Emerson picked up his shotgun. “For the last time, I'm not selling. And I Am Not Leaving.” He opened the front door. His dog curled up in front of the potbellied stove started to growl. “Good day, gentlemen.”
Vender pulled out his handgun and grabbed Emerson by the collar. “Get this straight, you selfish bastard. We're not leaving until this matter is resolved. You want us to get the sheriff out here? You want to be physically evicted? Is that what you want, Emerson?”
Through the open door Emerson made a run for it; the dog sprang to his feet and swiftly followed barking all the way. The two cops, both with service revolvers drawn, ran after him through the woods. Emerson, his legs not as young as they used to be, ran as fast as he could; the officers of the law, weighed down by the proverbial cop diet of doughnuts and fat-laden fast food, still managed to keep up. When they had reached a close enough range, Vender lifted his pistol, and fired – ostensibly as a “warning shot.”
The bullet hit the trunk of an ancient oak, its bark harder than cement– it ricocheted and hit Emerson squarely in the back of the neck. He fell like an item of merchandise off an overstocked shelf.
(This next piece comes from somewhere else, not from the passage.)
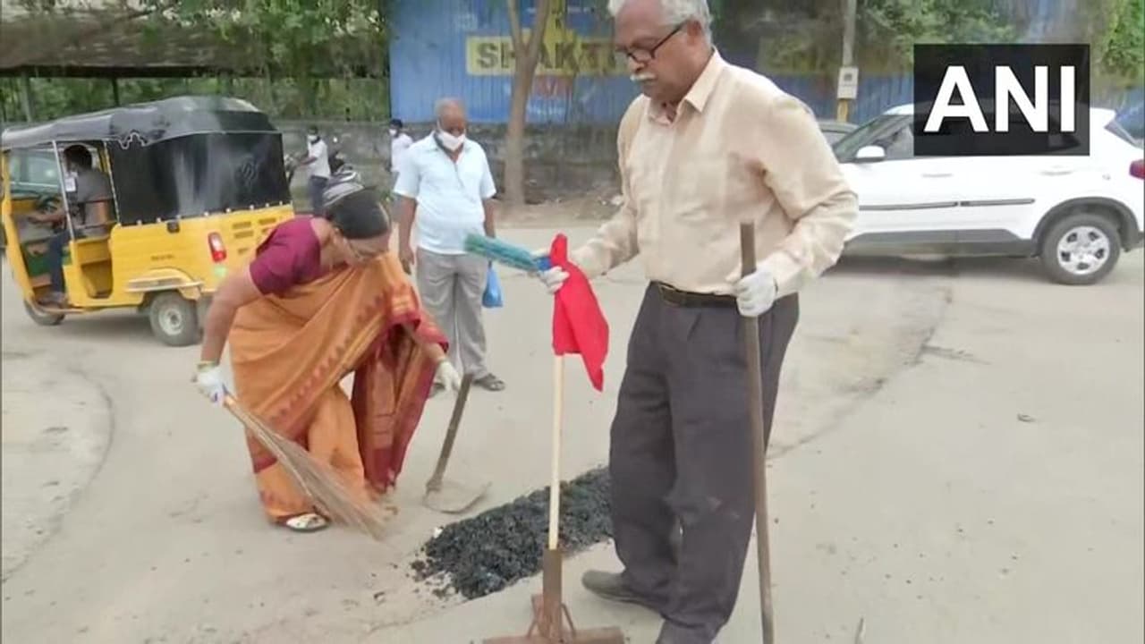 হায়দরাবাদের বাসিন্দা গঙ্গাধর তিলক কাটনাম (৭৩) ও তাঁর স্ত্রী ভেঙ্কটেশ্বরী কাটনাম (৬৪)। সকাল হতেই গাড়ি নিয়ে বেরিয়ে পড়েন তাঁরা। সঙ্গে থাকে রাস্তা সারাইয়ের বিভিন্ন সামগ্রী। শহরের যেখানেই রাস্তার গর্ত তাঁদের চোখে পড়ে সেখানেই সারাইয়ের কাজ শুরু করে দেন।

The dog sat on his hind legs; intermittently his head would bow and he would lick Emerson’s cheek.
Afterward, other police vehicles arrived, including an ambulance, though that was a mere formality. An animal control officer held the dog by the scruff of its neck and deposited the animal in the back of the van as if it were a package to be delivered. Brief conversations among officials disturbed the quiet of the forest air; terms like “eminent domain,” “economic opportunity,” “poor deranged idiot,” and even “treasonous defiance” were bandied about. Someone said the words “shovel ready” into a cell phone. Soon they all drove away. The forest was left to enjoy the tranquil solitude of its last days, while the domain of the Gods of Commerce rocked in jubilation.